No dia 30 de outubro, foram divulgadas no Diário do Judiciário Eletrônico do Tribunal de Justiça de Minas Gerais (TJMG) as alterações no procedimento para registro de união estável, no Livro “E”, que é realizado por oficiais de registro civil das pessoas naturais e era regulamentado pelo Provimento 260/CGJ/2013, mas atualmente segue o Provimento 281/CGJ/2014. Com esta mudança, todas as certidões relativas ao registro de união estável, no Livro “E”, terão advertência de que este registro não produz os efeitos da conversão da união estável em casamento.

O advogado Silvio Augusto Tarabal, presidente do Instituto Brasileiro de Direito de Família de Minas Gerais (IBDFAM/MG), explica que o principal motivo da alteração do provimento 260/CGJ/2013 e publicação do provimento 281/CGJ/2014 foi a necessidade de adequação do procedimento de registro das uniões estáveis nos Registros Civis das Pessoas Naturais às regras do Provimento n.º 37/CNJ/2014 de 07/07/2014, o qual apresentou novas regras unificadas para o procedimento de registro das uniões estáveis, tanto para reconhecimento quanto para extinção, no Livro “E” dos Cartórios de Registro Civil das Pessoas Naturais. “A exposição de motivos do Provimento 281/CGJ/2014 ainda se refere à deliberação do Comitê de Planejamento da Ação Correicional, em reunião realizada em 29 de setembro de 2014 e aos autos n.º 2012/58196 – da Coordenação de Apoio à Fiscalização dos Serviços Notariais e de Registro (Cafis)”, esclarece.

Tarabal aponta que a importância desta alteração é dar maior segurança jurídica àqueles que pretendem registrar, como forma de ter algum documento para órgãos previdenciários, clubes e planos de saúde, sem que tal documento seja necessariamente feito por escritura pública. Ele expõe que terceiros com quem os companheiros passarem a realizar negócios jurídicos também terão como exigir um documento público oficial, no caso a certidão, que garantirá plena eficácia e fará prova de sua boa-fé, caso venha a ser questionado em decorrência de algum negócio jurídico.

O advogado afirma, ainda, que com a publicação deste provimento, o Estado de Minas Gerais passa a adotar procedimento praticamente uniforme aos demais estados do país, que já se adequaram ao novo Provimento n.º 37/CNJ/2014. “Ademais, o provimento 281/2014 definiu regras mais claras e mais completas para as averbações das uniões estáveis no registro civil dos companheiros, de maneira que ao retirar uma certidão de nascimento ou casamento de alguém, constará, se for o caso, a averbação da união estável”, completa.

Mudanças – O registro das sentenças, escrituras públicas e os instrumentos particulares declaratórios de reconhecimento ou de dissolução de união estável, será opcional e deverá ser realizado pelo oficial do registro civil das pessoas naturais da sede, ou, onde houver, no 1º subdistrito da comarca em que os companheiros têm ou tiveram seu último domicílio. Não é mais obrigatória a transferência de mandato de lavratura em casos de ordem judicial, pois houve a revogação do parágrafo único do artigo 572 do Provimento 260/CGJ/2013.

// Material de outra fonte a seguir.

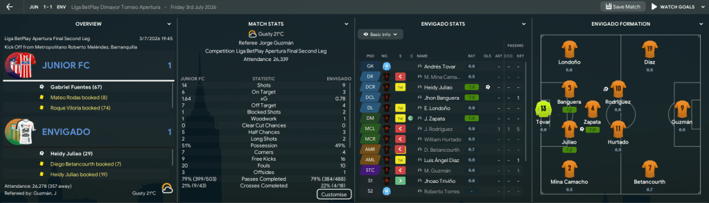 That teed up an unexpected Apertura Final against Junior. The first leg was at home and Envigado took full advantage, racking up 14 shots to six and Guzmán and Mejía sealed a 2-0 victory. Envigado started the away leg well and moved in front as Juliao headed home Rodríguez’s corner. Junior came back into it after thje break but Lazaró went defensive to hold them off. And a 1-1 was enough to win their first-ever Apertura title.

Para pessoas casadas, mesmo que separadas de fato, o registro de união estável não poderá ser realizado, exceto em casos em que o casal esteja separado judicialmente ou extrajudicialmente, ou se a declaração da união estável derivar de sentença judicial transitada em julgado. Além dos dados que já eram exigidos para lavratura do registro, será necessário incluir no documento o número do Cadastro de Pessoas Físicas (CPF), a indicação das datas e dos Ofícios de Registro Civil das Pessoas Naturais, o nome do juiz que proferiu sentença, ou do desembargador relator – nos casos em que houve processo – e a consignação de que não foi especificado o regime de bens dos companheiros, nos casos omissos.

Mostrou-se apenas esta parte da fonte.